■ Input data
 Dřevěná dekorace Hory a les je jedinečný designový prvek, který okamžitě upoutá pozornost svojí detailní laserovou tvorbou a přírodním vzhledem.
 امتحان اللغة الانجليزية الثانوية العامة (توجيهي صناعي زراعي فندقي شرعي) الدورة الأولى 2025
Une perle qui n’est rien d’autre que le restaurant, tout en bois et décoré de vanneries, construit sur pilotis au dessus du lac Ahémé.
---
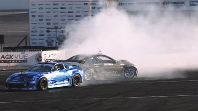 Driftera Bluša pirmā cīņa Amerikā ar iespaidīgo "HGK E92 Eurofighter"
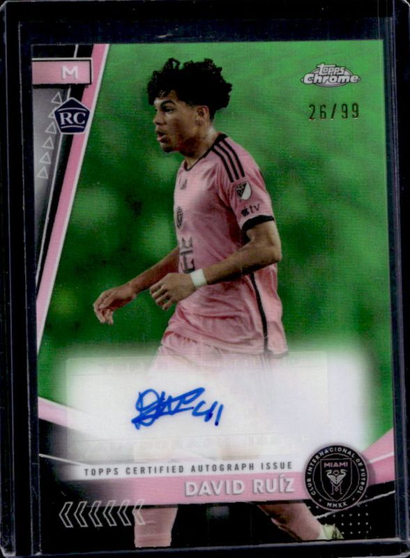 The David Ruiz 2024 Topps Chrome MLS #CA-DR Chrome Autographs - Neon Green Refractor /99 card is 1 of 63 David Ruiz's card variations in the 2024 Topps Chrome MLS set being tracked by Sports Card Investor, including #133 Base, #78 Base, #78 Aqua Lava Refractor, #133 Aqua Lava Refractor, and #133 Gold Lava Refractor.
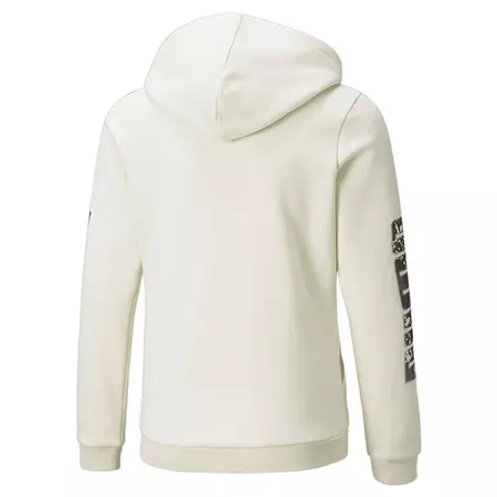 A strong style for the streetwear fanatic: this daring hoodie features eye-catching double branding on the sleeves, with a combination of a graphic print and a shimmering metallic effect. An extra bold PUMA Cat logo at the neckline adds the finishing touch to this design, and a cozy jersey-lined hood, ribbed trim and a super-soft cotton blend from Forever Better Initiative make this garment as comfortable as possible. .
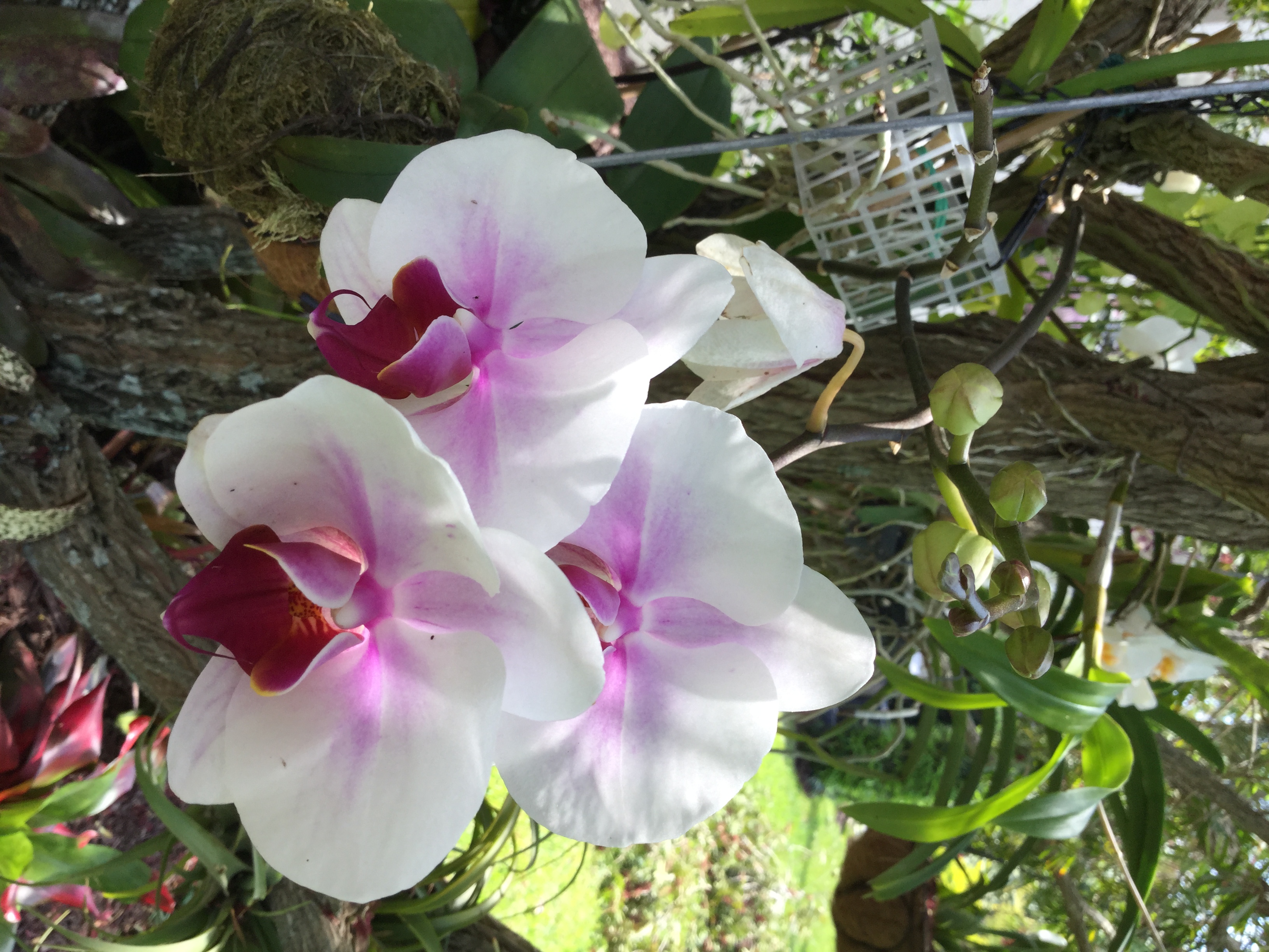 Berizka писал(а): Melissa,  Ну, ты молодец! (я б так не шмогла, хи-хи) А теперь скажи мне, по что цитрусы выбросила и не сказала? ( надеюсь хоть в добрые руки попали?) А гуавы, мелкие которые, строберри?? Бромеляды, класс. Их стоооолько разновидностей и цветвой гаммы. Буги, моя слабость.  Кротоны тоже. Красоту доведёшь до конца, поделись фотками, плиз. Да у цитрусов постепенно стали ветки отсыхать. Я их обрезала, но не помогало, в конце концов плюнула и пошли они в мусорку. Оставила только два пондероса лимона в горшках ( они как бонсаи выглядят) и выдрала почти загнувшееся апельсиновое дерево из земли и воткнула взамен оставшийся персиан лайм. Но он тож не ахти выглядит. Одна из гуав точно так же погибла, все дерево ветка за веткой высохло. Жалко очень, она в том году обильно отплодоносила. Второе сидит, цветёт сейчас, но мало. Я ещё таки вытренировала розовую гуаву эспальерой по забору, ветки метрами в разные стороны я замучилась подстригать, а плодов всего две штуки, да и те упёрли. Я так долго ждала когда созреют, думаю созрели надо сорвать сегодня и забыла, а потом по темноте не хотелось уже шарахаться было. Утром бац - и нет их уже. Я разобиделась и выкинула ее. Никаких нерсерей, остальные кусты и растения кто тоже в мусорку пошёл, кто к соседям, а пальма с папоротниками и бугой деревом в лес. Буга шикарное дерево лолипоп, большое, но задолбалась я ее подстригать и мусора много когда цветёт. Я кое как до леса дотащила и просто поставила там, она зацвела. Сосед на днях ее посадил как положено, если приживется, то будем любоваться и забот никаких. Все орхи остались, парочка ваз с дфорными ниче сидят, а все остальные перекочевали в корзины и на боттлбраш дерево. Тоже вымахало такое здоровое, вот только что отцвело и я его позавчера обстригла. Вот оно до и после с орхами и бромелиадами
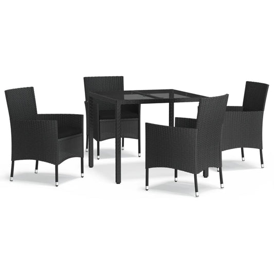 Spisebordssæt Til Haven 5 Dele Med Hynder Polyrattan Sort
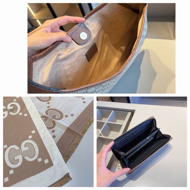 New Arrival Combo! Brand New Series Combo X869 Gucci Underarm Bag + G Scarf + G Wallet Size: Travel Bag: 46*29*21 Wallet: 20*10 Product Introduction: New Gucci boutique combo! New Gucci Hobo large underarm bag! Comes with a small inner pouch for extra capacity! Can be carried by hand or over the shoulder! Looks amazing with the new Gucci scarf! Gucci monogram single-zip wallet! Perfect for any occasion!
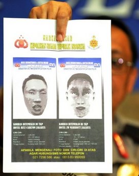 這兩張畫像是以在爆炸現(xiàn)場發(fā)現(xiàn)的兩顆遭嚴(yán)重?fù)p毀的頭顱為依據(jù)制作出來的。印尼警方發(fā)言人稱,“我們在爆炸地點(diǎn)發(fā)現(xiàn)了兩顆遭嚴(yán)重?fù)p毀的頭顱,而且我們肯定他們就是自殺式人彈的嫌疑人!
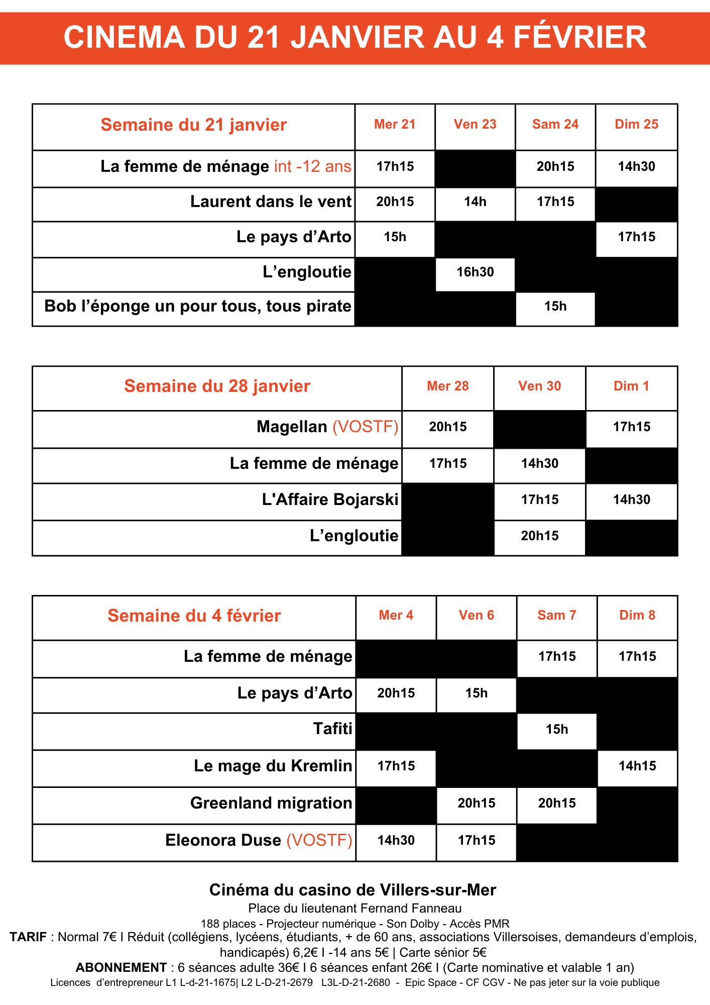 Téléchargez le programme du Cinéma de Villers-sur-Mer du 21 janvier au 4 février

■ Instructions for the task
The range runs from the line above containing "Dřevěná dekorace Hory" to the line containing "امتحان اللغة الانجليزية", inclusive. Restate those lines word for word and no others.

■ Solution to this exercise
 Dřevěná dekorace Hory a les je jedinečný designový prvek, který okamžitě upoutá pozornost svojí detailní laserovou tvorbou a přírodním vzhledem.
 امتحان اللغة الانجليزية الثانوية العامة (توجيهي صناعي زراعي فندقي شرعي) الدورة الأولى 2025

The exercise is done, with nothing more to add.